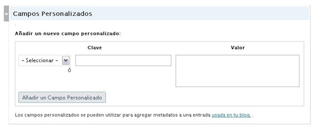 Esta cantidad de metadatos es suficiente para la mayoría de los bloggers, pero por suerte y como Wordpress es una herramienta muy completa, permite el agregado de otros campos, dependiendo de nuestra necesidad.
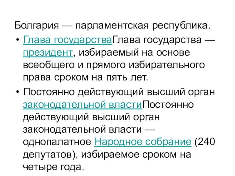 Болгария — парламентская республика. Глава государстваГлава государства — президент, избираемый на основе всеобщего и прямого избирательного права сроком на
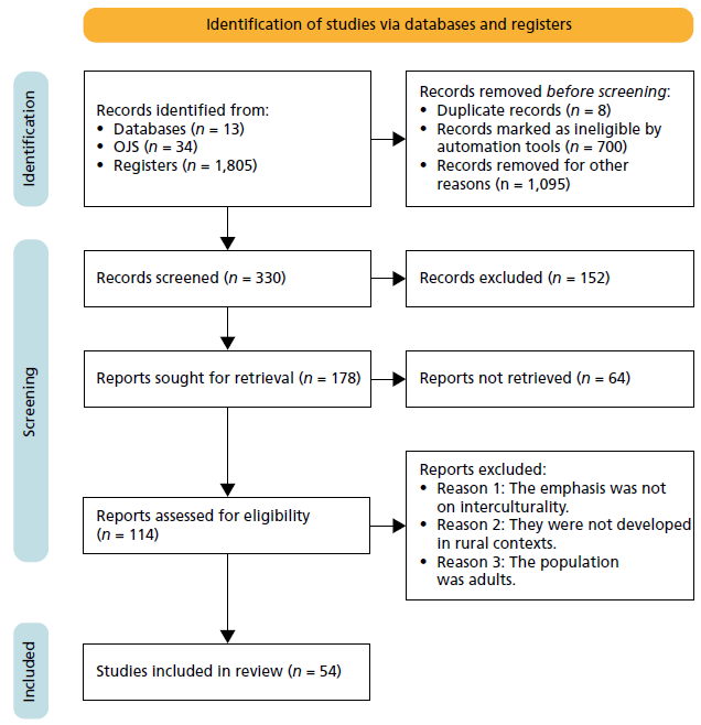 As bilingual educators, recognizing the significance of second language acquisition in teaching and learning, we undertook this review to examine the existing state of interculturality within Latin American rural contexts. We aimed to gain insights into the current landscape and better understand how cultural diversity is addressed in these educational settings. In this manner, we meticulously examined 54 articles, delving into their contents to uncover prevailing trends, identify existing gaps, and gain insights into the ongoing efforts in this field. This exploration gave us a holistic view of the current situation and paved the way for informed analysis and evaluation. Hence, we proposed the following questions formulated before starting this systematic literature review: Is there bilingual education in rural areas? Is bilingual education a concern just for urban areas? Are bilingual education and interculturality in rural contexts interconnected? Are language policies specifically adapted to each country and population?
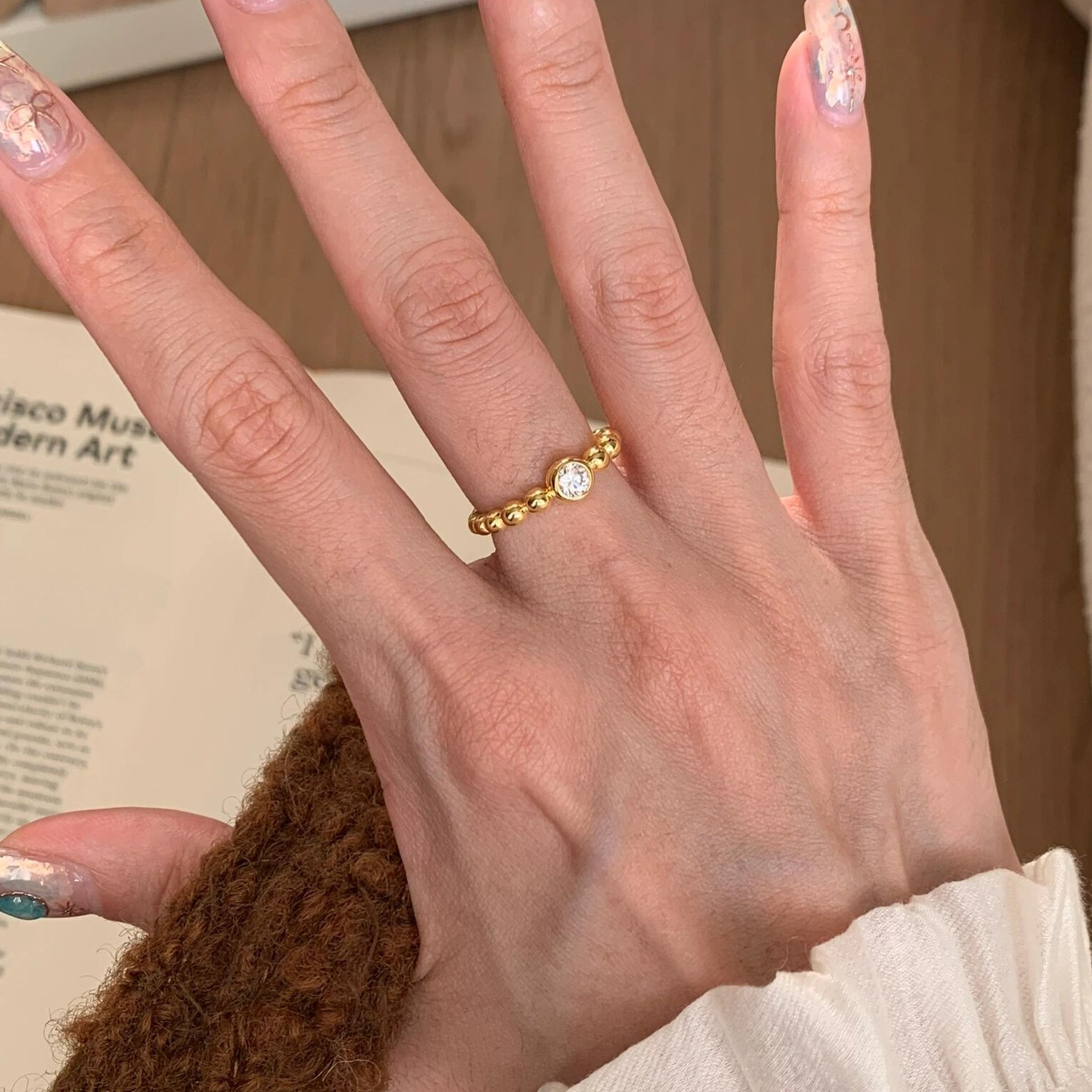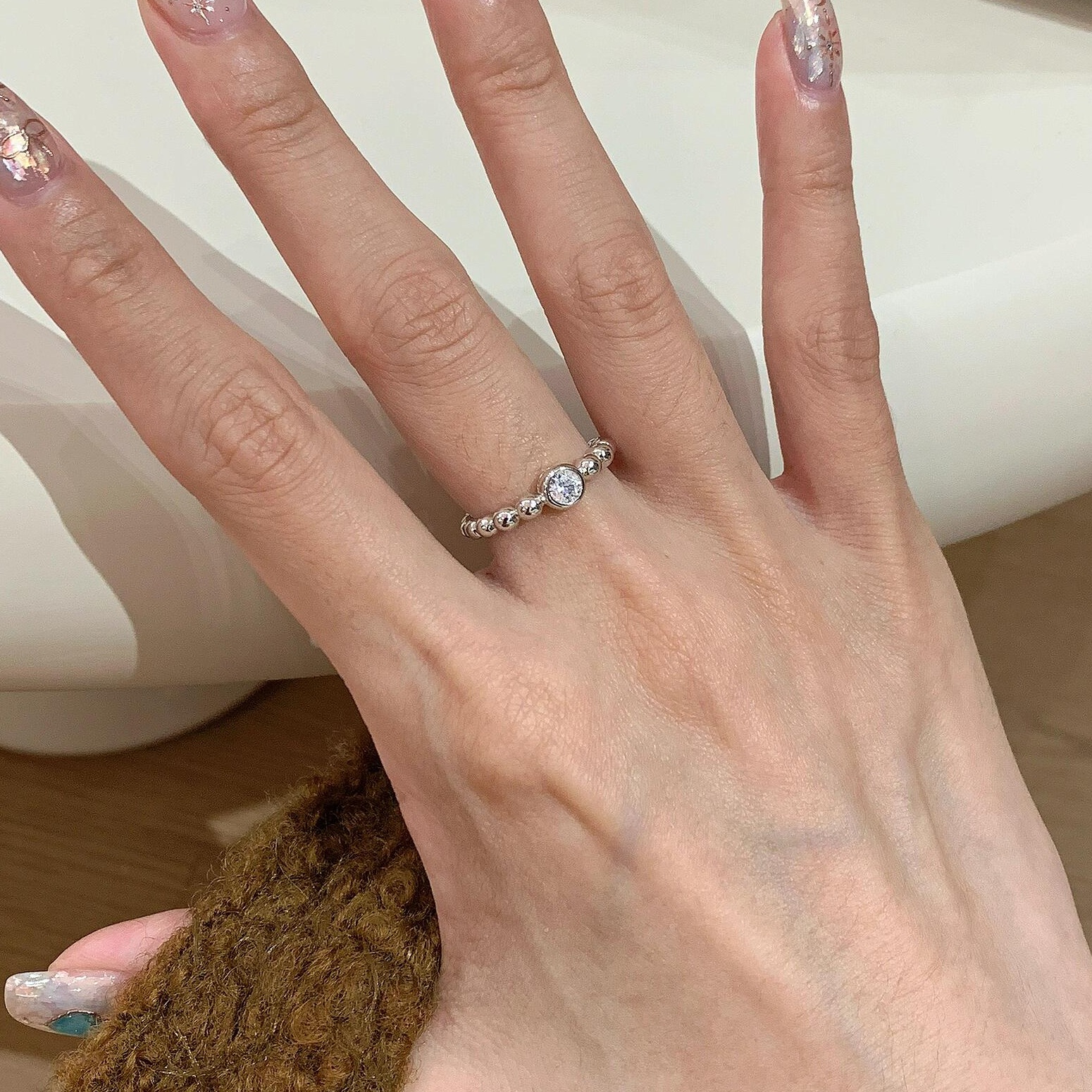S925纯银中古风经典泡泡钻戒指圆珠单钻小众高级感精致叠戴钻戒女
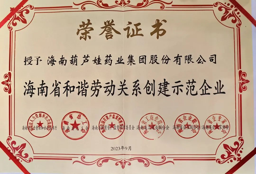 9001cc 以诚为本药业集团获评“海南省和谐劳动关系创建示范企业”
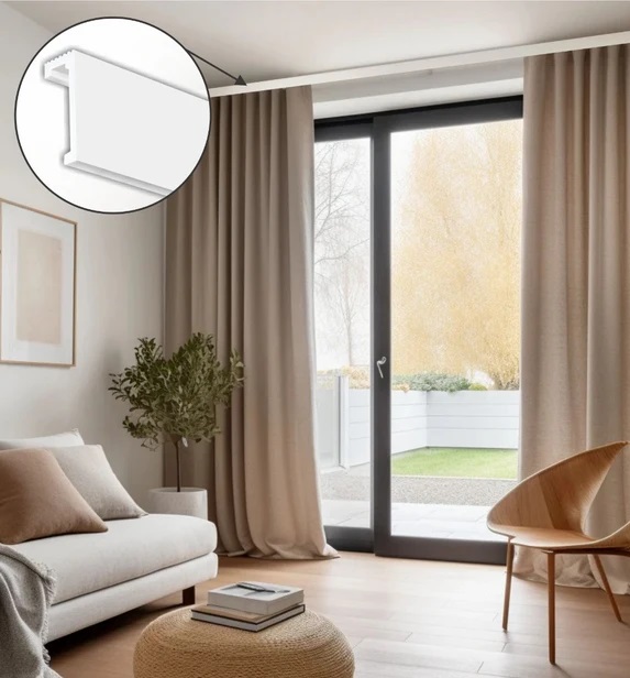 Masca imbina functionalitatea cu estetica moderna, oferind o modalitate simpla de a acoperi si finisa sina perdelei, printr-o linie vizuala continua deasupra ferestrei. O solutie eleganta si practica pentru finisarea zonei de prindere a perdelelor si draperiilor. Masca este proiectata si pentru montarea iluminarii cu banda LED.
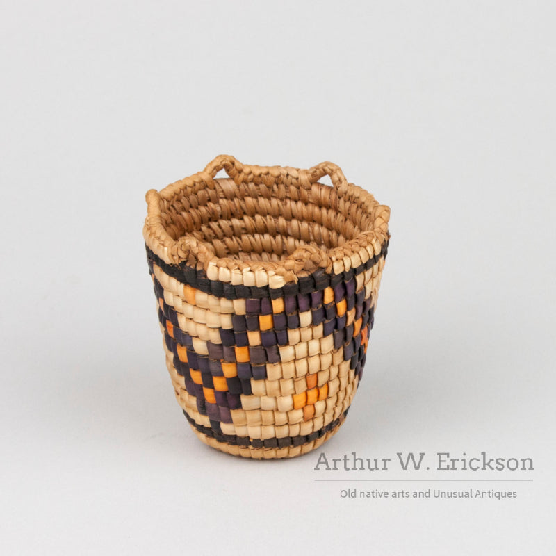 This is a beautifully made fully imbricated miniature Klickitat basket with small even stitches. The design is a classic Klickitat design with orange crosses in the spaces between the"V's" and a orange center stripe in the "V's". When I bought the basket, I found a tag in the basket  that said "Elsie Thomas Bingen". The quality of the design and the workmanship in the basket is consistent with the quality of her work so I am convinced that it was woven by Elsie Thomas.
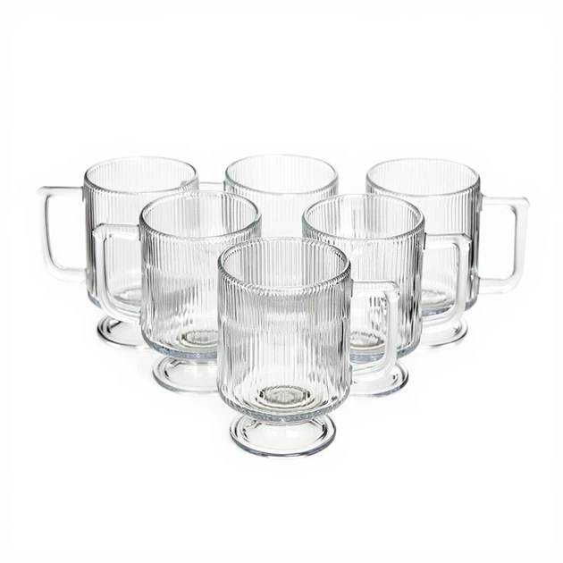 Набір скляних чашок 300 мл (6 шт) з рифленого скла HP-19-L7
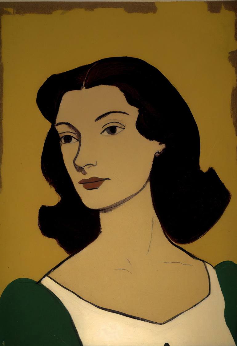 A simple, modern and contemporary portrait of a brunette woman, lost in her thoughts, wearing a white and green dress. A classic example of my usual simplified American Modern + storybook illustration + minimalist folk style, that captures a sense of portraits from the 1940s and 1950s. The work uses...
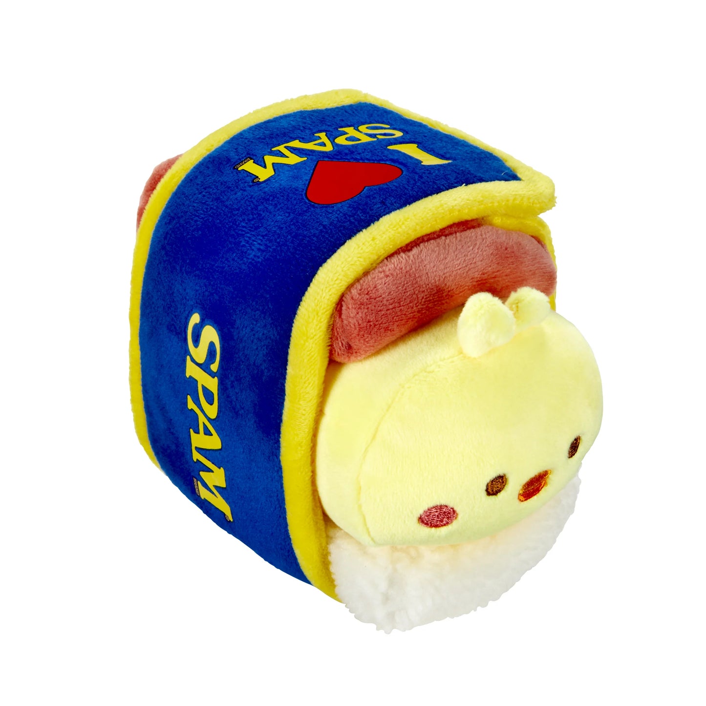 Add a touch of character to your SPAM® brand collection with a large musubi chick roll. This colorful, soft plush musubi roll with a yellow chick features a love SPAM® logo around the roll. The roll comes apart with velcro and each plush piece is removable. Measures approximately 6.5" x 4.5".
------------------------------------------------
▸ **Aim of the task**
Drop every picture and repeat the rest of the entries exactly.

▸ **Solution for this problem**
 Esta cantidad de metadatos es suficiente para la mayoría de los bloggers, pero por suerte y como Wordpress es una herramienta muy completa, permite el agregado de otros campos, dependiendo de nuestra necesidad.
 Болгария — парламентская республика. Глава государстваГлава государства — президент, избираемый на основе всеобщего и прямого избирательного права сроком на
 As bilingual educators, recognizing the significance of second language acquisition in teaching and learning, we undertook this review to examine the existing state of interculturality within Latin American rural contexts. We aimed to gain insights into the current landscape and better understand how cultural diversity is addressed in these educational settings. In this manner, we meticulously examined 54 articles, delving into their contents to uncover prevailing trends, identify existing gaps, and gain insights into the ongoing efforts in this field. This exploration gave us a holistic view of the current situation and paved the way for informed analysis and evaluation. Hence, we proposed the following questions formulated before starting this systematic literature review: Is there bilingual education in rural areas? Is bilingual education a concern just for urban areas? Are bilingual education and interculturality in rural contexts interconnected? Are language policies specifically adapted to each country and population?
S925纯银中古风经典泡泡钻戒指圆珠单钻小众高级感精致叠戴钻戒女
 9001cc 以诚为本药业集团获评“海南省和谐劳动关系创建示范企业”
 Masca imbina functionalitatea cu estetica moderna, oferind o modalitate simpla de a acoperi si finisa sina perdelei, printr-o linie vizuala continua deasupra ferestrei. O solutie eleganta si practica pentru finisarea zonei de prindere a perdelelor si draperiilor. Masca este proiectata si pentru montarea iluminarii cu banda LED.
 This is a beautifully made fully imbricated miniature Klickitat basket with small even stitches. The design is a classic Klickitat design with orange crosses in the spaces between the"V's" and a orange center stripe in the "V's". When I bought the basket, I found a tag in the basket  that said "Elsie Thomas Bingen". The quality of the design and the workmanship in the basket is consistent with the quality of her work so I am convinced that it was woven by Elsie Thomas.
 Набір скляних чашок 300 мл (6 шт) з рифленого скла HP-19-L7
 A simple, modern and contemporary portrait of a brunette woman, lost in her thoughts, wearing a white and green dress. A classic example of my usual simplified American Modern + storybook illustration + minimalist folk style, that captures a sense of portraits from the 1940s and 1950s. The work uses...
 Add a touch of character to your SPAM® brand collection with a large musubi chick roll. This colorful, soft plush musubi roll with a yellow chick features a love SPAM® logo around the roll. The roll comes apart with velcro and each plush piece is removable. Measures approximately 6.5" x 4.5".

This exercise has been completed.